Integral $\int_{0}^{\infty}e^{-u}e^{-u^{\alpha}x}\mathrm{d}u$

Question

I want to know the value of this integral:

$$\int_{0}^{\infty}e^{-u}e^{-u^{\alpha}x}\mathrm{d}u$$

where $\alpha>0$, $x>0$.

Thank you.

Answer 1

There doesn't seem to be any general form. However, for $\alpha=0$ we have $I(0)=e^{-x}$, for

$\alpha=1$ we have $I(1)=\dfrac1{1+x}$ , for $\alpha=2$ we have $I(2)=\sqrt\pi\cdot e^{^\tfrac1{4x}}\cdot\dfrac1{2\sqrt x}\cdot\text{erfc}\bigg(\dfrac1{2\sqrt x}\bigg)$,

and for $\alpha\!=\!\dfrac12$ we have $I\bigg(\dfrac12\bigg)=1-\sqrt\pi\cdot~e^{^\tfrac{x^2}4}\cdot\dfrac x2\cdot\text{erfc}\dfrac x2\quad$ Deriving the first two results

should be trivial. For the latter two, see error function and Gaussian integral. The cases

$\alpha=3$ and $\alpha=\dfrac13$ involve Airy functions, Anger functions, Bessel functions, and Weber

functions. The rest, hypergeometric series. Negative values of $\alpha$ involve Meijer G-functions.

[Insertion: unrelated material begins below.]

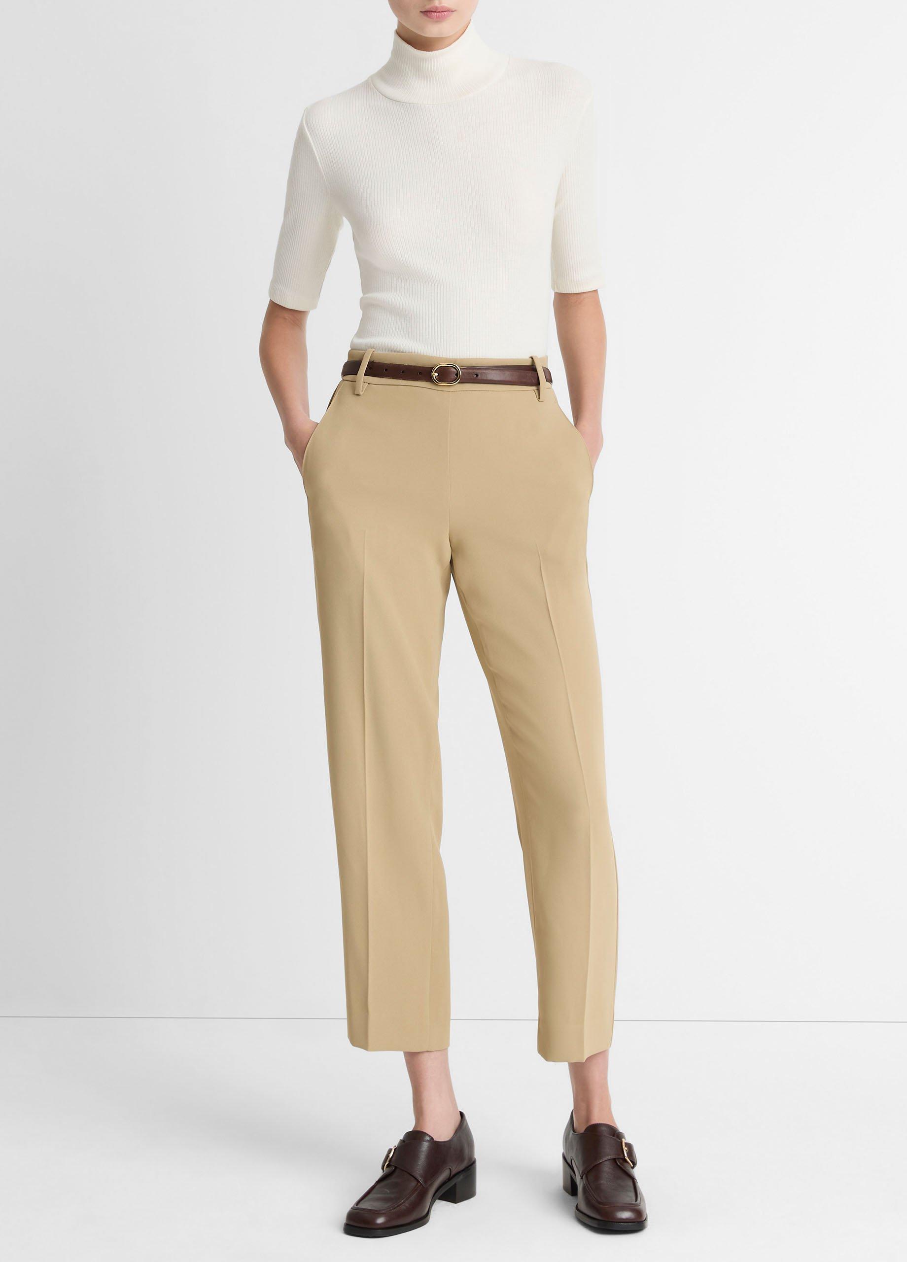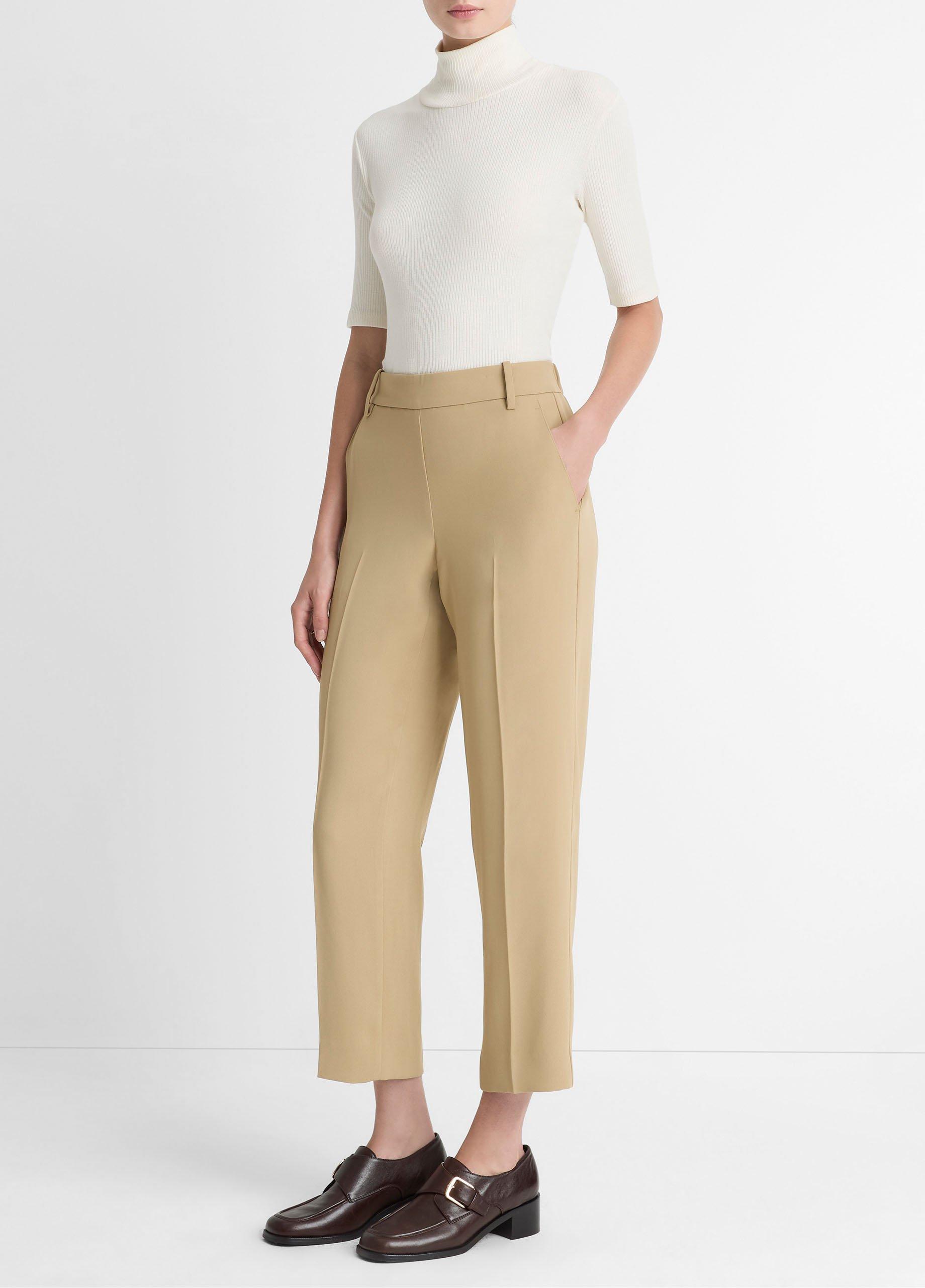 With the appearance of a trouser and discreet comfort from an elasticized back waist, this crepe pull-on pant will readily take on the lion’s share of the work in your wardrobe. It’s tailored with a versatile, straight cropped silhouette that tapers slightly below the knee.

As I said, I see no discernible pattern.

Answer 2

Case $1$: $\alpha\leq1$

Then $\int_0^\infty e^{-u}e^{-u^\alpha x}~du$

$=\int_0^\infty\sum\limits_{n=0}^\infty\dfrac{(-1)^nx^nu^{\alpha n}e^{-u}}{n!}du$

$=\sum\limits_{n=0}^\infty\dfrac{(-1)^nx^n\Gamma(\alpha n+1)}{n!}$ (can be obtained from http://en.wikipedia.org/wiki/List_of_integrals_of_exponential_functions#definite_integrals)

Case $2$: $\alpha\geq1$

Then $\int_0^\infty e^{-u}e^{-u^\alpha x}~du$

$=\int_0^\infty e^{-u^\frac{1}{\alpha}}e^{-xu}~d\left(u^\frac{1}{\alpha}\right)$

$=\dfrac{1}{\alpha}\int_0^\infty u^{\frac{1}{\alpha}-1}e^{-u^\frac{1}{\alpha}}e^{-xu}~du$

$=\int_0^\infty\sum\limits_{n=0}^\infty\dfrac{(-1)^nu^{\frac{n+1}{\alpha}-1}e^{-xu}}{\alpha n!}du$

$=\sum\limits_{n=0}^\infty\dfrac{(-1)^n\Gamma\left(\dfrac{n+1}{\alpha}\right)}{\alpha x^\frac{n+1}{\alpha}n!}$ (can be obtained from http://en.wikipedia.org/wiki/List_of_integrals_of_exponential_functions#definite_integrals)